Of course, students who intend to enter relatively low-paying fields cannot borrow against a future salary they will never earn. An efficient market determines that accountants are more valuable, and should be compensated more, than caretakers. Doctors are more valued than vegan caterers. In most cases, the economic allocation of labor makes practical sense.

As conventional wisdom often forgets, government subsidies are expensive and are funded by taxpayers. Ironically, those truly disadvantaged citizens who are unqualified to attend college end up footing part of the bill in taxes for the education subsidies that will make better-off Americans much better off. The opportunity cost of the education subsidy money is that the public dollars, which are supposed to be helping those who cannot afford economic advancement, are often not doing that.

Luckily, progressive-minded colleges have stepped in to offer their own market solution in the form of price discrimination, or as it is known in the industry, financial aid. The policy has allowed students from poorer families with solid academic records to attend good colleges while paying little tuition. These students have the benefit of leaving college with much less debt.

These financial-aid policies and the rise in average return on the college investment have naturally led to more degree-holders. The growing education level of the population has led to better wages, increased productivity, and higher living standards over the last century.

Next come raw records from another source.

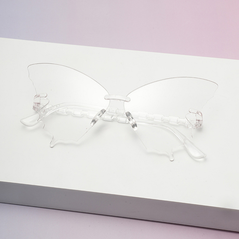 2025 새로운 나비 안경 일체형 렌즈 무테 선글라스 크로스보더 맞춤형 젤리 컬러 일체형 트렌디 선글라스스토어 가기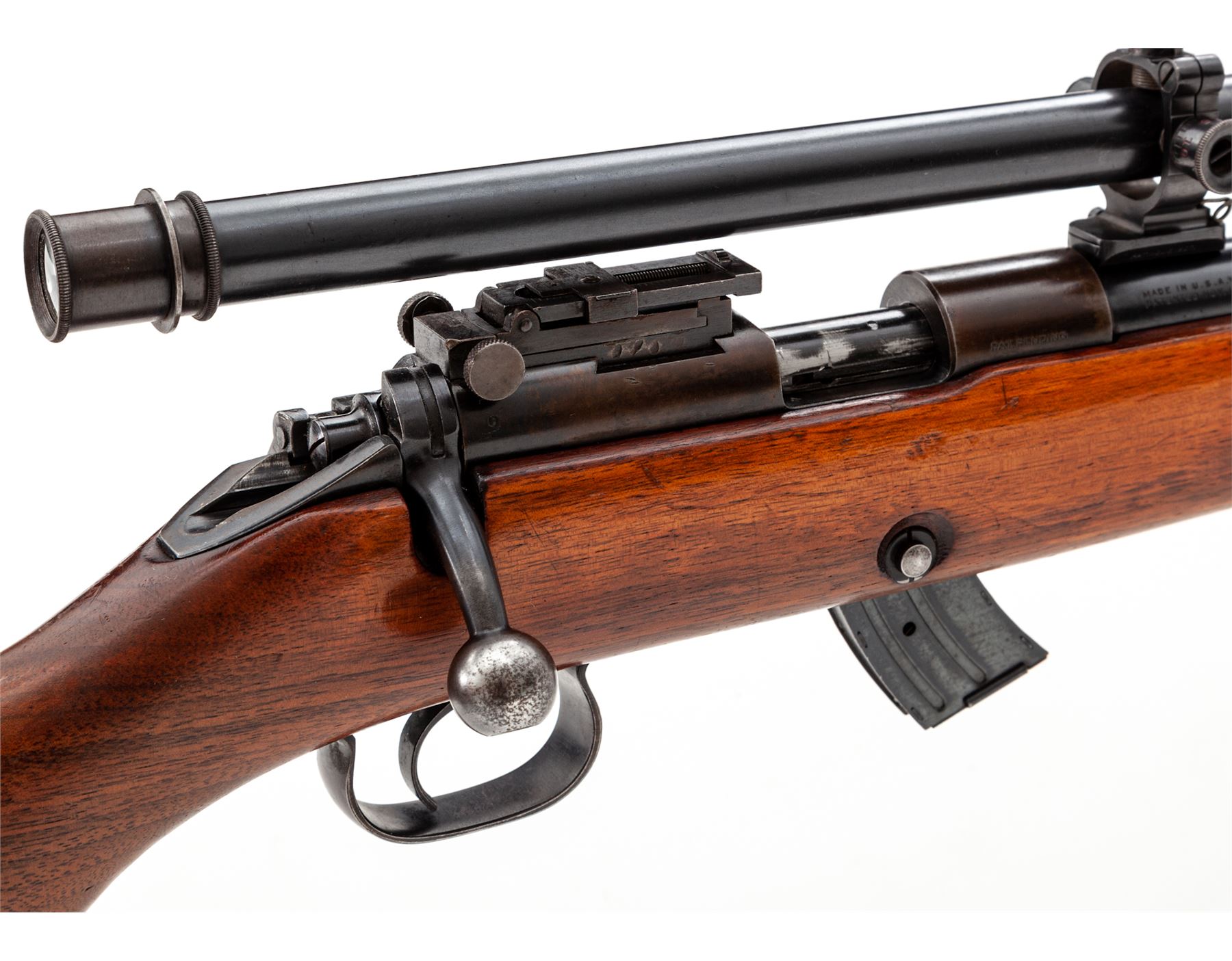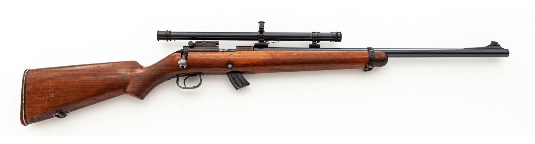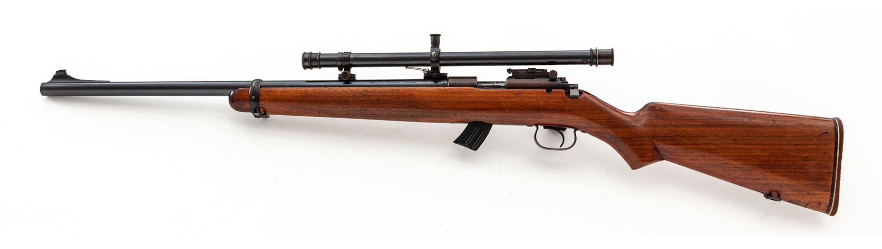 Winchester Model 52 Bolt Action Carbine, #27724, .22 LR cal., 23'' barrel, blue finish, smooth pistol-grip walnut stock, red rubber butt pad, with one 10-round factory magazine. Topped with a Winchester A5 scope on adjustable rings. Mfg'd 1934. Condition is near fine. Barrel retains approx. 92% blue. Ramp brass bead sight may be a later addition. Frame has toned and retains approx. 40% of its original blue. Stock with additional coat of linseed oil and light general scratching. Good action, fine bore, clear scope optics. Est.: $600-$900. (C&R)
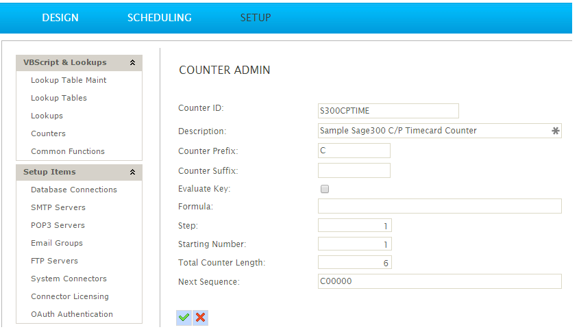 For each Timecard, this function generates a new sequential id, so the Counter function can be used to specify document numbers (as in this example below), customer numbers (for Sage300) and any other unique id.

If the many benefits of a college education continue to outpace the costs, subsidies are not needed. Precious public funds are better spent increasing opportunities for the disadvantaged, those who - from a flaw in the educational system or a broken family life - will not even finish high school.

Real change will be difficult, for extending the rapidly rising rewards of higher education to the individuals who need it the most will take much more than a pie-in-the-sky subsidy proposal and a FAFSA form.